Big shake out awaits Korea telecom industry 

Yeom Yoon-jeong  
Seoul, Mar 8: Few countries have succumbed to the mobile phone craze quite like South Korea. Handphones are quite simply a national obsession here,particularly among Korean youths who value them equally as useful devices and face-gaining status symbols.

``Almost all of my friends have mobile phones. It's a part of our lives,'' said university student Kim Jeong-ah. This love affair has caused the mobile phone sector to balloon since the government began deregulating telecommunications in 1996, despite a severe economic crisis over the past year.

The penetration rate of mobile phone subscribers -- viewed by analysts as market saturation when it reaches 35 to 40 per cent -- is now at 30 per cent. Sales in the sector reached $25 billion in 1998.

But this phenomenal recent success is coming back to haunt an industry that is now overcrowded with mobile phone operators and analysts say a major consolidation in the sector is unavoidable.

The telecommunications industry is now crowded with 36 telecomsoperators after the government handed out about 30 licences in 1996 for seven different service areas.

``Korea's mobile phone industry in particular is overcrowded with five players. I'm really concerned about their profitability,'' said Lee Hae-gyun at KEB Salomon Smith Barney Securities.

Late in 1997, three personal communications service (PCS) companies -- LG Telecom, Hansol Telecom and Korea Telecom unit KT Freetel -- were allowed to begin competing with existing cellular phone firms SK Telecom and Shinsegi Telecom.

Only a handful of the many other telecom firms which sprouted up now remain viable and competition for market share between the five mobile telecom companies is fierce, analysts said.

Information and communications minister Namgoong Suek said weaker handphone operators would be left to fend for themselves, dismissing fears that he planned shot-gun marriages in the industry akin to those which have been urged in other sectors.

``I believe self-revival is much better for the telecomindustry than any kind of artificial restructuring,'' he told Reuters. ``Under the current circumstances, I believe restructuring will follow naturally within two or three years.''

Analysts said three operators were expected to emerge from the shake out. ``The most possible scenario is for the industry to be reshaped into three major players -- Korea Telecom, LG and SK Telecom,'' said telecom analyst Bahn Youngone at Ssangyong Securities.

The three PCS service carriers teamed up with foreign partners last year in a bid to comply with the government's mandate that companies keep their debt-to-equity ratios below 200 per cent.

The debts of Shinsegi Telecom, however, were nearly 11 times its capital.
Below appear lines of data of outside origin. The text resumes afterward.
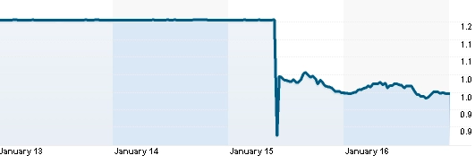Švýcarský frank automaticky skokově posílil z 1,2 franku za euro na jeden frank za jedno euro. V měnovém páru EUR/CHF je frank ve jmenovateli, posílení franku se tedy projeví poklesem hodnoty kurzu eura vůči franku. Jakmile tato zpráva obletěla svět (a to dneska trvá opravdu jen chviličku), klesl kurz nakrátko dokonce až na 0,85 franků za jedno euro. Záhy ale kurz korigoval zhruba k hodnotě 1,05, pak se frank zase držel zhruba na úrovni eura.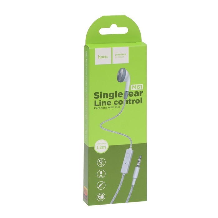 Наушник Hoco M61, проводные, вкладыш, микрофон, Jack 3.5 мм, 1.2 м, белый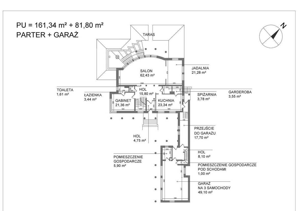 Parter stanowi część reprezentacyjną rezydencji - znajdziemy tu przestronny salon połączony z jadalnią z wyjściem na taras i do ogrodu, kuchnię ze spiżarnią, gabinet połączony z łazienką, a także toaletę dla gości i garderobę na odzież wierzchnią.

Shinsegi needs an enormous infusion of cash which analysts said its two largest shareholders, Pohang Iron and Steel Co (POSCO) and Kolon Group, were unlikely to provide.
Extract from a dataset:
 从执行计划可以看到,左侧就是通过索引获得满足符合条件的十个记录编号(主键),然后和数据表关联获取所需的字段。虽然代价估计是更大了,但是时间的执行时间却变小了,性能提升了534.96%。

One possible source is Vodafone Group Plc, Britain's largest mobile phone company as a result of its merger with Air Touch Communications.The firm is Shinsegi's third largest shareholder with a 10.7 per cent stake.

There has been talk that Shinsegi could be targeted by SK Telecom, which has the largest market share in the industry with six million subscribers. Both companies deny the rumours.
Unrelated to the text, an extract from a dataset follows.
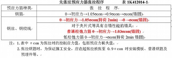 4.张拉程序应符合设计要求,设计未规定时,其张拉程序应符合表1K412014-1的规定。
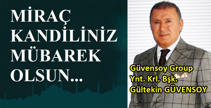 Güvensoy Group Yönetim Kurulu Başkanı Gültekin Güvensoy, Miraç Kandili’nin, Üç Aylar’ın feyz ve bereket kapılarından birisi olduğunu vurgulayarak, “Miraç, mana âleminde yükselmek demektir, yücelmek demektir. İlahi bir lütuftur, izzettir, ikramdır, ihsandır. Niyazımız odur ki; türlü sıkıntılarla karşı karşıya kaldığımız bu dönemde Yüce Allah, huzurumuzu, sağlımızı, sıhhatimizi, esenliğimizi, birlik ve beraberliğimizi zirvelere ulaştırsın” ifadelerini kullandı.

State-run Korea Telecom, which has a monopoly on fixed-line service, may hold the key to SK's fate with its 18.35 per cent stake in the company.

The SK Group, the largest shareholder with nearly 22 per cent in SK Telecom, has said it wants to buy the Korea Telecom stake to ensure management stability as foreign investors have already snapped up the 33 per cent stake of SK Telecom allotted to them.

But the Korean Telecom stake could come into play if the foreign ownership ceiling on telecom firms is increased this year to 49 per cent, a strong possibility.

``Where Korea Telecom's 18.35 per cent stake in SK Telecom would go has now caught the market's attention,'' said a senior economist at Samsung Securities, Suh Yong-won.

Analysts saidfifth-ranked Hansol was another potential target for acquisition, probably by Korea Telecom's wireless unit, KT Freetel.

The LG Group, analysts say, is seeking to improve its position by acquiring a controlling stake in Dacom Corp -- one of the country's two fixed-line operators along with Korea Telecom.

But LG could encounter hurdles due to an agreement with the government that the group keep its Dacom stake to below five per cent, a condition for winning a licence for its wireless service.

But some analysts said it was just a matter of time before LG is freed from the agreement, which is seen as violating free-market principles.